Exercise brief = Extract, word for word, each line from the line holding "Freshman granddaughters welcomed" through the end of the records. Omit every picture.

Given records =
((

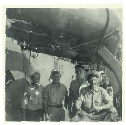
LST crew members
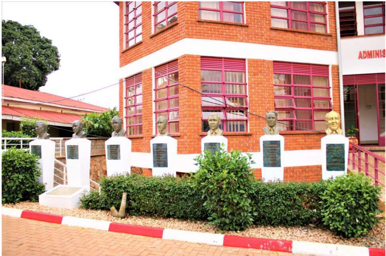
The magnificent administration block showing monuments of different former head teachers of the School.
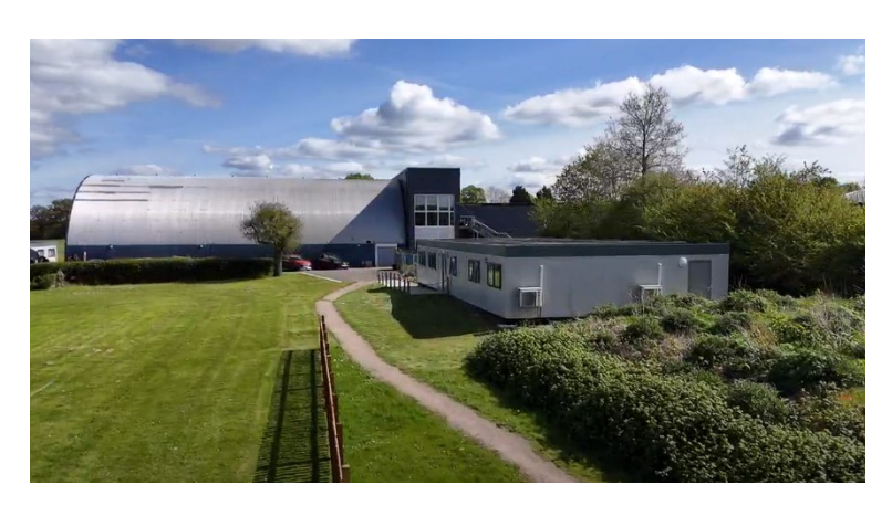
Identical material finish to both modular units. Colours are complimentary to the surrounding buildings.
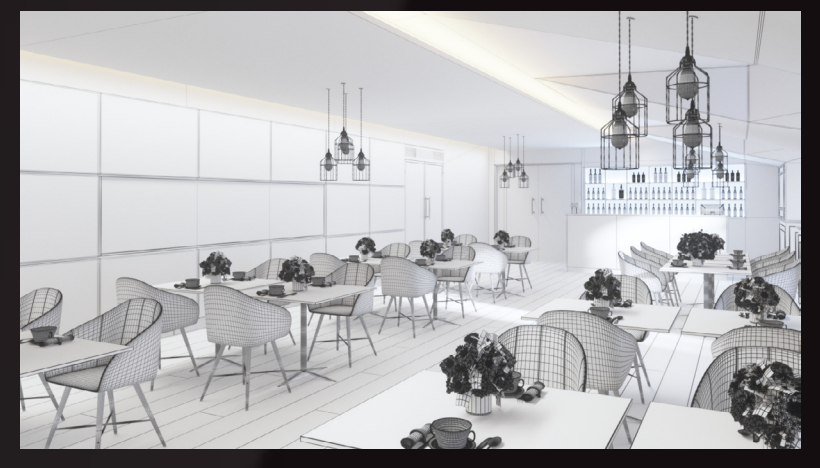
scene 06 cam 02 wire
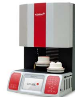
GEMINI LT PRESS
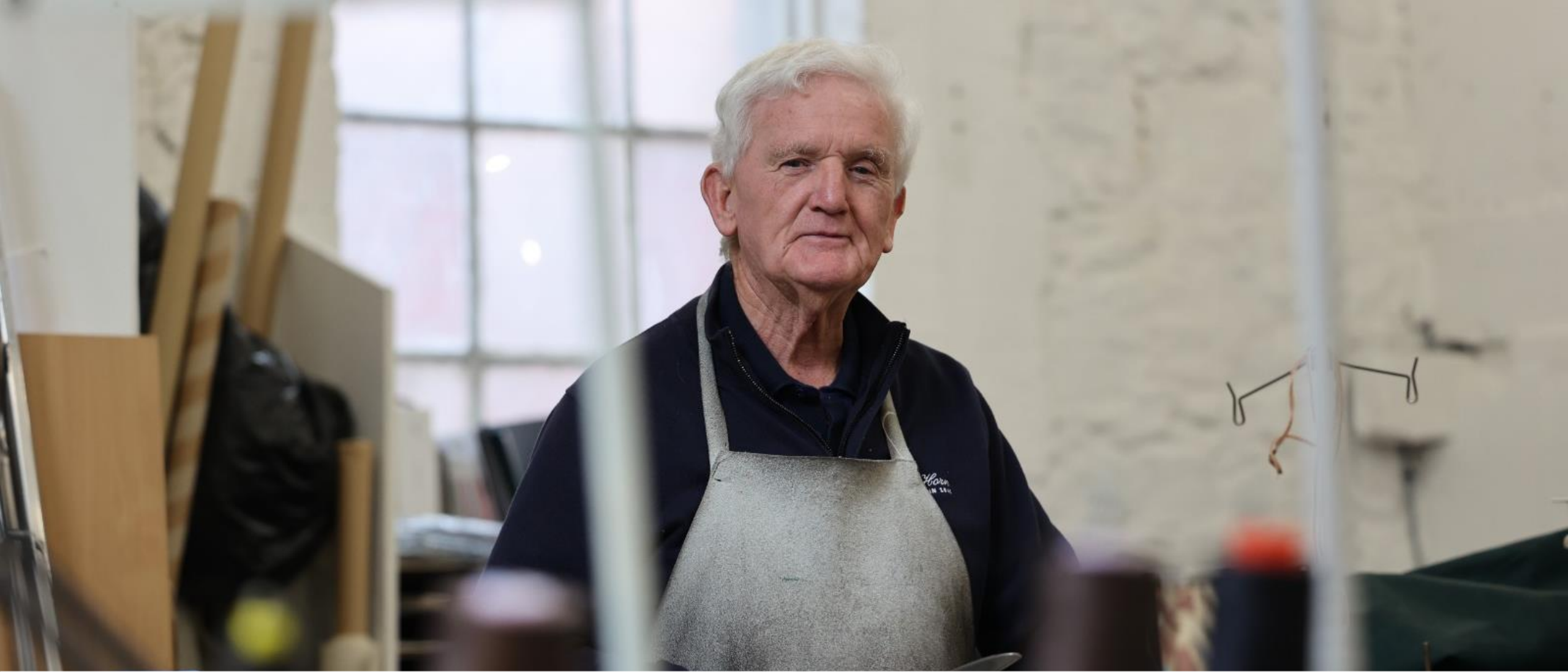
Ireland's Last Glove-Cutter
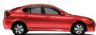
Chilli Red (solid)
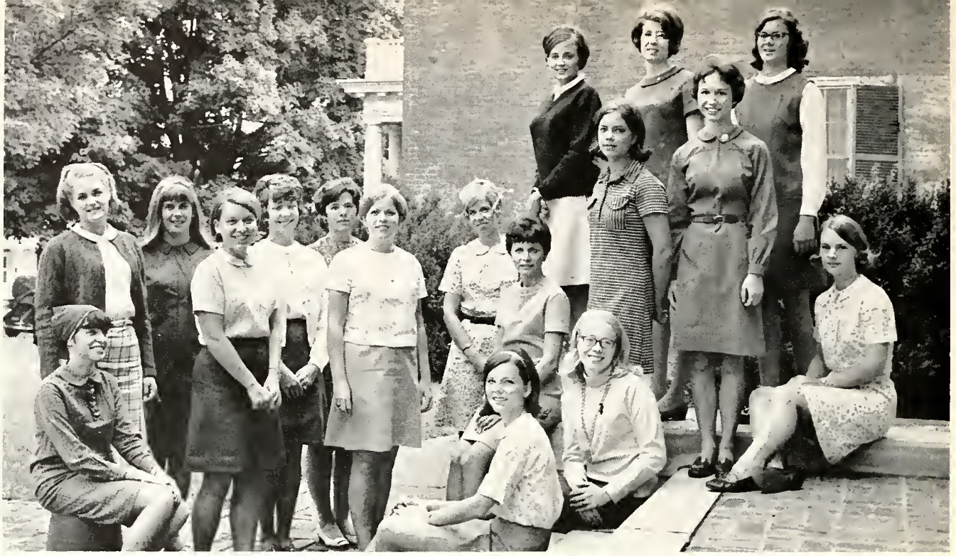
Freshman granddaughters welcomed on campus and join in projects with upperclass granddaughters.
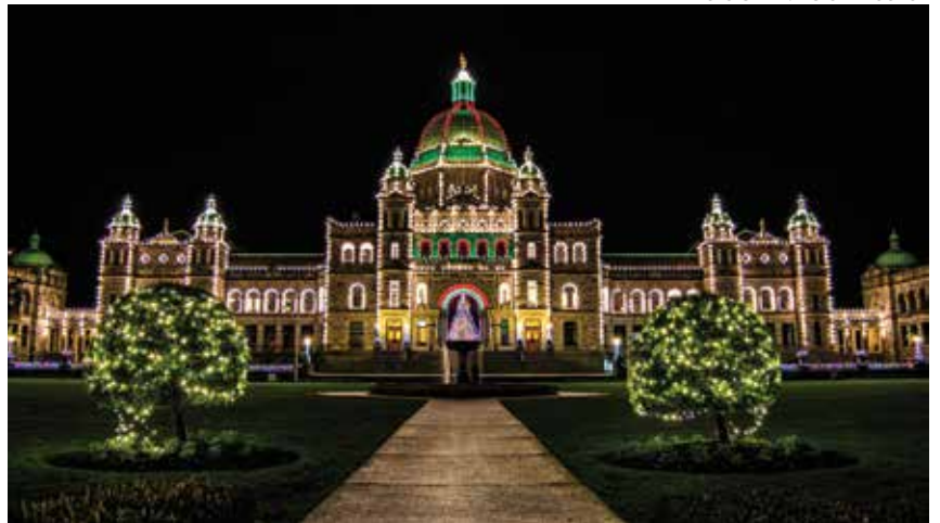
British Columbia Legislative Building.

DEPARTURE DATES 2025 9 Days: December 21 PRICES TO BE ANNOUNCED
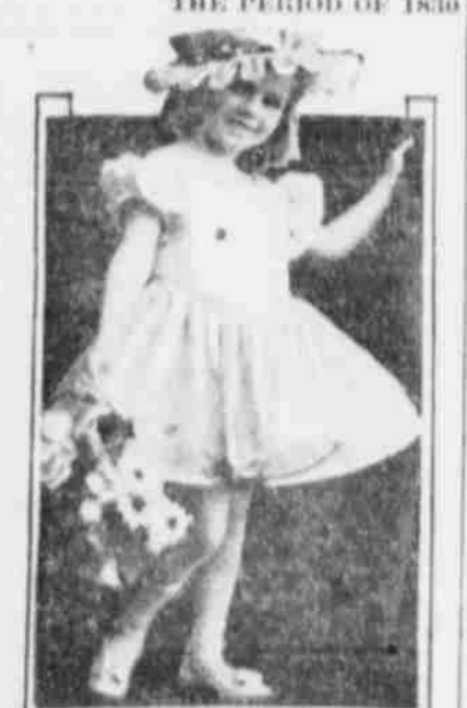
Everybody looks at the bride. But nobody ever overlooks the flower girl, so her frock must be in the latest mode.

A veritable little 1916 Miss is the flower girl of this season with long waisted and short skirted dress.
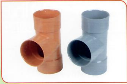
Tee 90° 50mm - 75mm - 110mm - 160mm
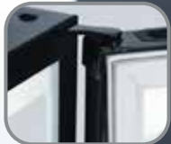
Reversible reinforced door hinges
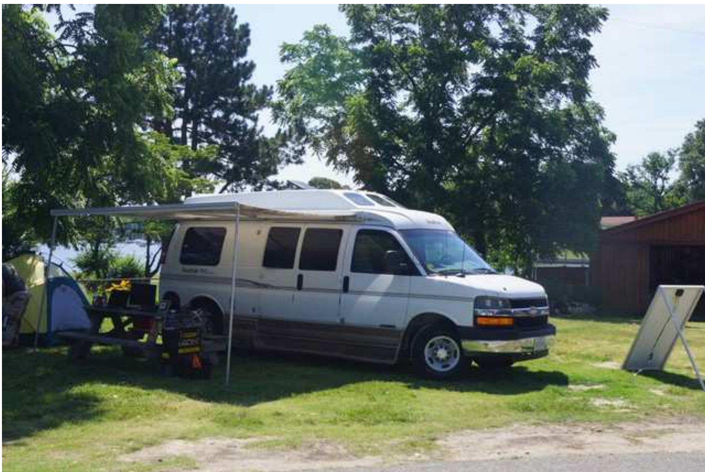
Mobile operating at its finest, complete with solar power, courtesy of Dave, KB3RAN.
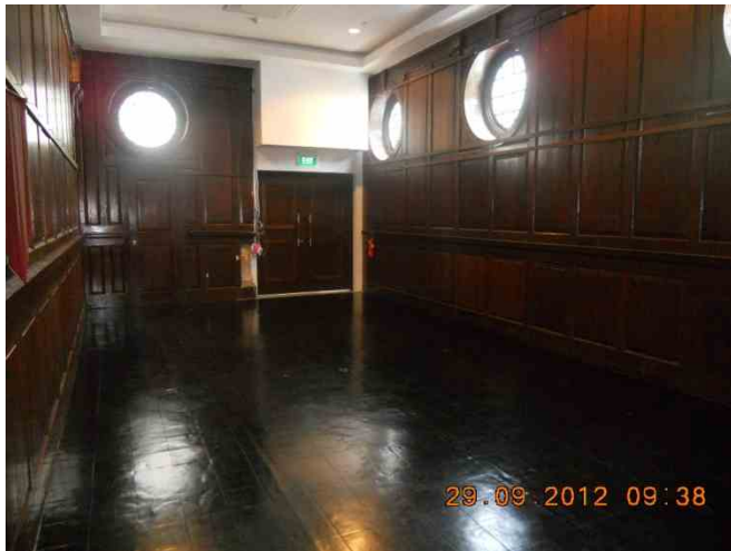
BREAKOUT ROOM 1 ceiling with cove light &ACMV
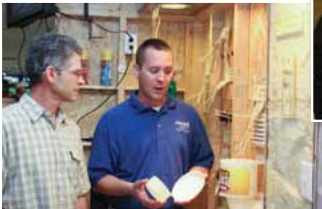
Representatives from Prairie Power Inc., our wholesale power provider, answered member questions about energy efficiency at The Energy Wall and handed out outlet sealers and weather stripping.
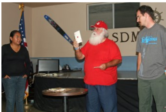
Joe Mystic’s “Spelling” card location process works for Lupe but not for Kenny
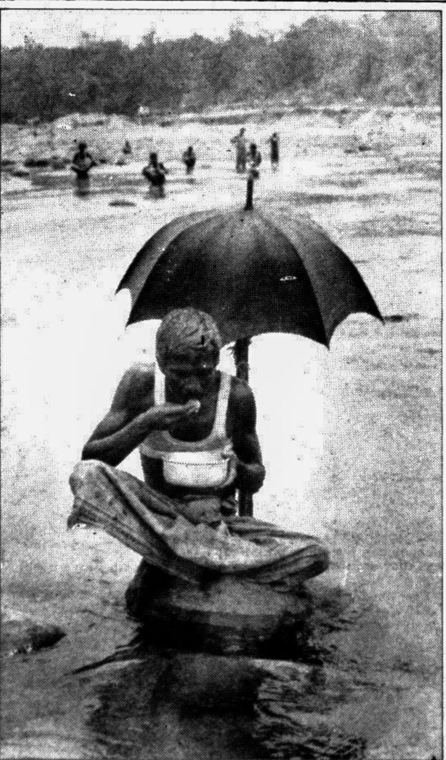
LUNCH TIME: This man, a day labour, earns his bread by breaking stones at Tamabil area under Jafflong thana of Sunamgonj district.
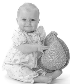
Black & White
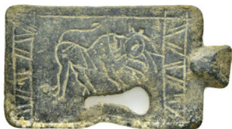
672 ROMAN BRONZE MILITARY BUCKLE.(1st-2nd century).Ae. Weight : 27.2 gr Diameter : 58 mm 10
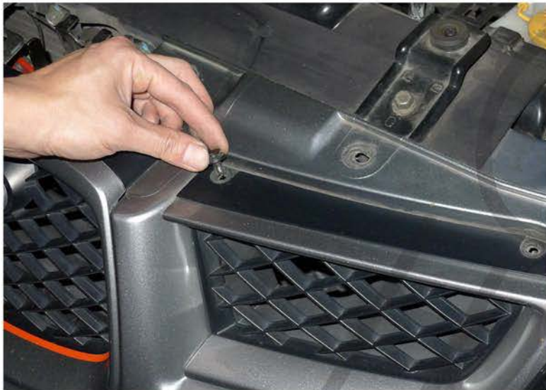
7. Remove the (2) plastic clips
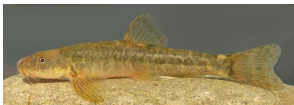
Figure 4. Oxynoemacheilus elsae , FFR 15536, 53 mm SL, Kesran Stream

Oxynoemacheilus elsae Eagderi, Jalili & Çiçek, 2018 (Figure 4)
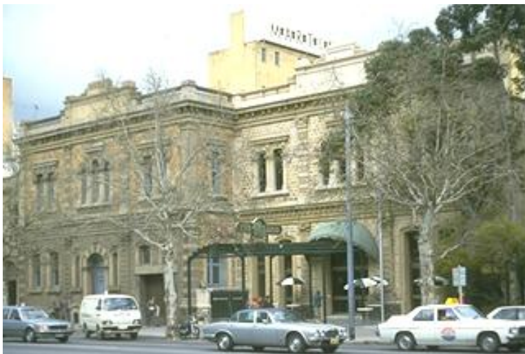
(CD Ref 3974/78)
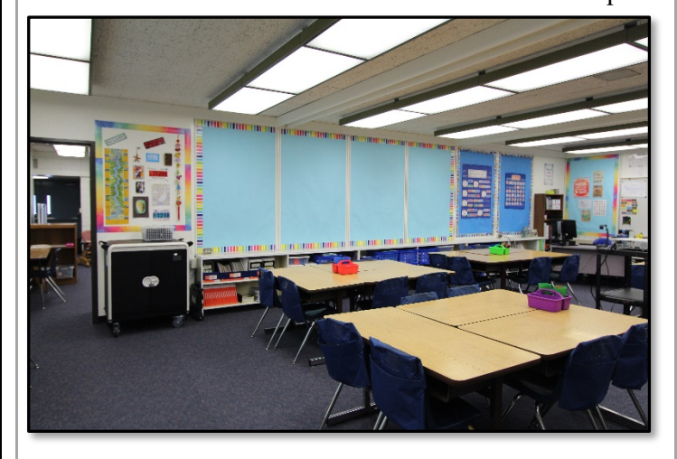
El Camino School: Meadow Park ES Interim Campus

))

Output of the task =
Freshman granddaughters welcomed on campus and join in projects with upperclass granddaughters.
British Columbia Legislative Building.

DEPARTURE DATES 2025 9 Days: December 21 PRICES TO BE ANNOUNCED
Everybody looks at the bride. But nobody ever overlooks the flower girl, so her frock must be in the latest mode.

A veritable little 1916 Miss is the flower girl of this season with long waisted and short skirted dress.
Tee 90° 50mm - 75mm - 110mm - 160mm
Reversible reinforced door hinges
Mobile operating at its finest, complete with solar power, courtesy of Dave, KB3RAN.
BREAKOUT ROOM 1 ceiling with cove light &ACMV
Representatives from Prairie Power Inc., our wholesale power provider, answered member questions about energy efficiency at The Energy Wall and handed out outlet sealers and weather stripping.
Joe Mystic’s “Spelling” card location process works for Lupe but not for Kenny
LUNCH TIME: This man, a day labour, earns his bread by breaking stones at Tamabil area under Jafflong thana of Sunamgonj district.
Black & White
672 ROMAN BRONZE MILITARY BUCKLE.(1st-2nd century).Ae. Weight : 27.2 gr Diameter : 58 mm 10
7. Remove the (2) plastic clips
Figure 4. Oxynoemacheilus elsae , FFR 15536, 53 mm SL, Kesran Stream

Oxynoemacheilus elsae Eagderi, Jalili & Çiçek, 2018 (Figure 4)
(CD Ref 3974/78)
El Camino School: Meadow Park ES Interim Campus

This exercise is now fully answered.